As Trump fights with judges, poll shows voters split on who has too much power
Published in News & Features
Voters are somewhat split on whether the president wields too much authority or if it’s the courts who are acting out of bounds, new polling shows.
According to a national poll of 1,000 registered voters conducted by Hart Research Associates/Public Opinion Strategies on behalf of NBC News, 43% of those polled think the framers of the U.S. Constitution vested too much power in the executive branch when they were constructing the co-equal branches of government, while 39% said the president has the right amount of power and 6% felt the executive is too weak. About 11% reported they did not know or weren’t sure.
Meanwhile, according 28% of those polled, it’s the judiciary — including the U.S. Supreme Court — that has too much authority over the other branches. About half of polled voters thought the courts hold the right amount of power, 8% said it holds too little, and 15%, were unsure or didn’t know.
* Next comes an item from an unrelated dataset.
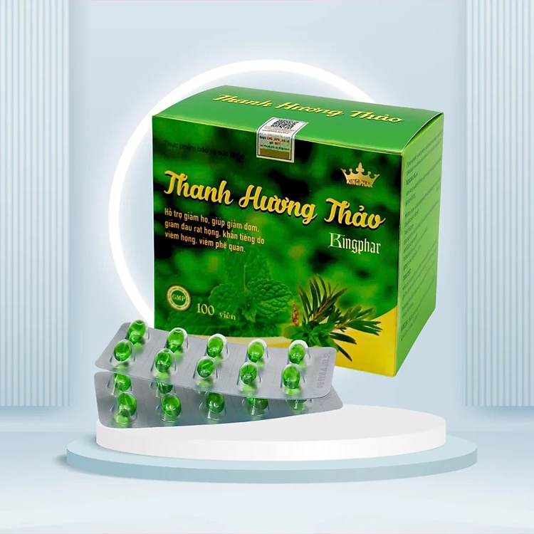 Viên uống ho dầu Thanh hương thảo Kingphar, hộp 100 viên, hỗ trợ giảm ho, thông cổ
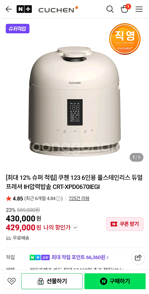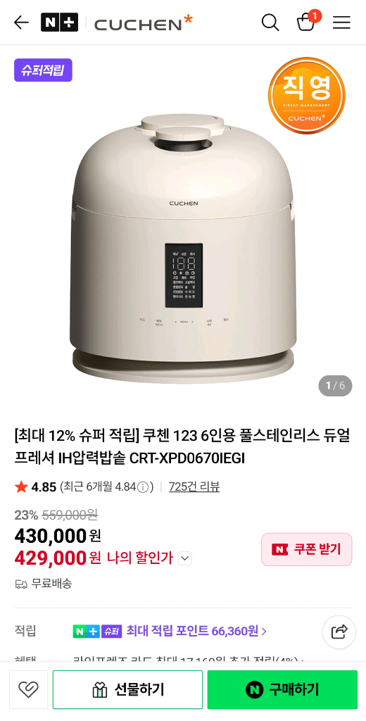 쿠첸 123 6인용 풀스테인리스 압력 밥솥 미개봉

The question comes as numerous policy initiatives launched by President Donald Trump head toward the Supreme Court by way of the lower district and appellate court structure.
While Trump has frequently taken aim at judges who have attempted to stand in the way of his plans or hold him to account for alleged wrongdoing, he’s most recently been calling for the impeachment of U.S. District Judge James E. Boasberg over the judge’s attempts to prevent the extrajudicial deportation of hundreds of alleged Venezuelan gang members.
After noting that it was he who won November’s presidential election and not the judge, the commander-in-chief said that fighting illegal immigration was part of a mandate given to him by the voters.
“I’m just doing what the VOTERS wanted me to do. This judge, like many of the Crooked Judges’ I am forced to appear before, should be IMPEACHED,” he wrote in a Truth Social post, capitalization his.
Trump’s call for impeachment drew a response from Chief Justice John Roberts, who in a rare public rebuke said that the call to remove a judge over an unsatisfying ruling flies in the face of the whole history of U.S. jurisprudence.
“For more than two centuries, it has been established that impeachment is not an appropriate response to disagreement concerning a judicial decision,” Roberts said. “The normal appellate review process exists for that purpose.”
Trump doubled down in a midnight Truth Social post made early Wednesday, saying that attempts to prevent him from deporting allegedly violent foreign nationals imperil the nation.
“If a President doesn’t have the right to throw murderers, and other criminals, out of our Country because a Radical Left Lunatic Judge wants to assume the role of President, then our Country is in very big trouble, and destined to fail!” he wrote.